McMinnville Breakfast Rotary Club members have made a grueling 112-hour journey to Namibia, South Africa and back.
Making the trip across the world were Pat Bigbee, Neal Cox, Rayah Kirby, Emily Phillips, Katherine Denton, Dave Messina and Rachel Killebrew.
“It was wonderful,” said Killebrew. “I love animals and animals rule there. I took plenty of pictures of us tending to the baboon cages, feeding the carnivores and other animals, and sawing logs for ladders for the baboons.”
Killebrew completed a bucket list item.
“I got to kiss a cheetah,” she said. “That’s something I’ve always wanted to do. There were three cheetahs that had been rescued when they were small. They are the only ones you can actually pet. I kissed one.”
While in Namibia, the Breakfast Rotary members were among 75 volunteers helping with a school, wildlife preserve, and healthcare clinic.
Namibia is the country with the least rainfall in sub-Saharan Africa. With limited rain, sparse transportation, and poor accessibility, it is imperative every rain drop be saved.
The local team’s trip was centered around a grant that provided a water filtration system at Na’ankuse Medical Clinic, which offers free healthcare and schooling for the San Bushmen people in Namibia.
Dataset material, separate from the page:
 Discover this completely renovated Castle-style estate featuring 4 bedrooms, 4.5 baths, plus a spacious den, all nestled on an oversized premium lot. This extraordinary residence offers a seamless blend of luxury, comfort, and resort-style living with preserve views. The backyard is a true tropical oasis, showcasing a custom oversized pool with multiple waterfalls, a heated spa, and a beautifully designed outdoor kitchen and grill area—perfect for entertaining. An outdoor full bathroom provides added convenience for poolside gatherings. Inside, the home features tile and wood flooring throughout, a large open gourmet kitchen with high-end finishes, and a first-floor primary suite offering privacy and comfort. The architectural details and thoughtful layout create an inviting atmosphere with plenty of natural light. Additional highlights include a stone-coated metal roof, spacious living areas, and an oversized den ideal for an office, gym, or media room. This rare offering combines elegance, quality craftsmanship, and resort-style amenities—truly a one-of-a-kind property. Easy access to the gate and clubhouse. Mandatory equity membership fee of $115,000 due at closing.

The grant, written by Killebrew, provided the clinic with additional water by putting gutters on the roof of the clinic to collect water in barrels. The water passes through a filtration system as it enters the clinic.
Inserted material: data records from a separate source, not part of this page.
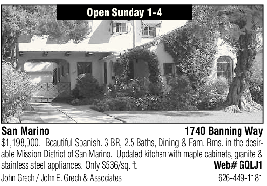 San Marino 1740 Banning Way $1,198,000. Beautiful Spanish. 3 BR, 2.5 Baths, Dining & Fam. Rms. in the desirable Mission District of San Marino. Updated kitchen with maple cabinets, granite & stainless steel appliances. Only $536/sq. ft. Web# GQLJ1 John Grech / John E. Grech & Associates 626-449-1181
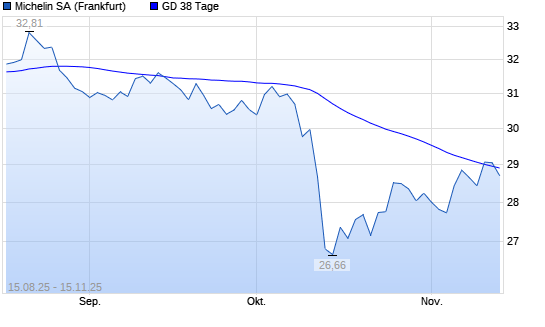 Mit dem Rücksetzer auf 28,70 EUR hat die Michelin-Aktie am 14.11.2025 die 38-Tage-Linie nach unten gekreuzt.Die Michelin-Aktie befindet sich seit dem 26.08.2025 im langfristigen Abwärtstrend ...weiterlesen
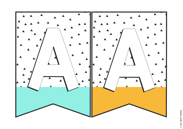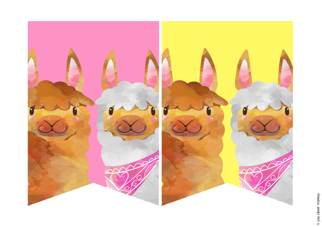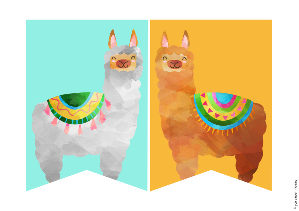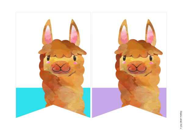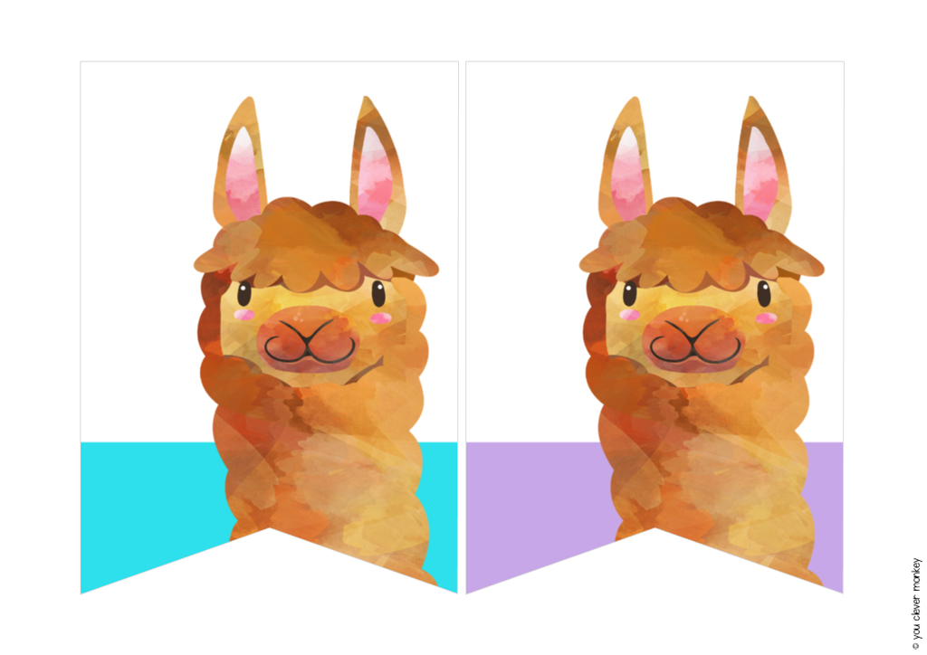 - editable bunting flags/penants (60+ styles - solid color/black+white patterns/llamas and more to choose from) - 2 to an A4 page but can be resized.
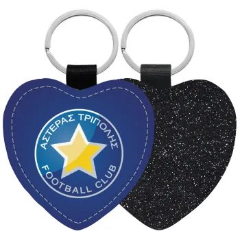 Asteras Tripolis, Μπρελόκ PU δερμάτινο glitter καρδιά ΜΑΥΡΟ
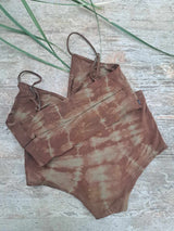 Perfect for yoga, swimming, or lounging, this high-waisted boho swimsuit is a unique artisan piece, dyed with natural colors. A thoughtful gift or vacation essential!
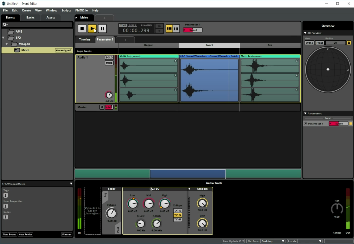 무기의 종류와 타격되는 종류에 따라 다르게 나오는 사운드 제작
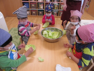 2歳児が今日の給食メニューの酢の物に入れるキャベツを手でちぎる作業をしました。

Dr. Rudie van Vuuren, his wife Marlice, and pharmacist friend Chris Heunis started Lifeline Clinic in 2003. Along with medical care, they focus on education of the children with outreach programs at local schools. Rudie is the brother of McMinnville resident Pieter van Vuuren, president of First National Bank.
The clinic, based in Epukiro in the east part of Namibia, began as a monthly outreach service provided by the doctors and pharmacists who traveled from the capital city of Windhoek to provide free healthcare to the San community, which lives in extreme poverty.
The San community is considered to be the oldest culture in the world and its residents are traditionally hunter-gatherers. They have been forced from their original lands, leaving the San unable to survive in their traditional lifestyle. Many San children suffer from malnutrition, disease, discrimination and abuse. Adult-onset diabetes, cardiovascular disease, and cancer are sharply increasing and alcoholism has become prevalent.
In 2012, over 500 international volunteers aged 18 and over came from all over the world to be a part of the working projects which support the wildlife and people of Namibia. The local team volunteered for three weeks.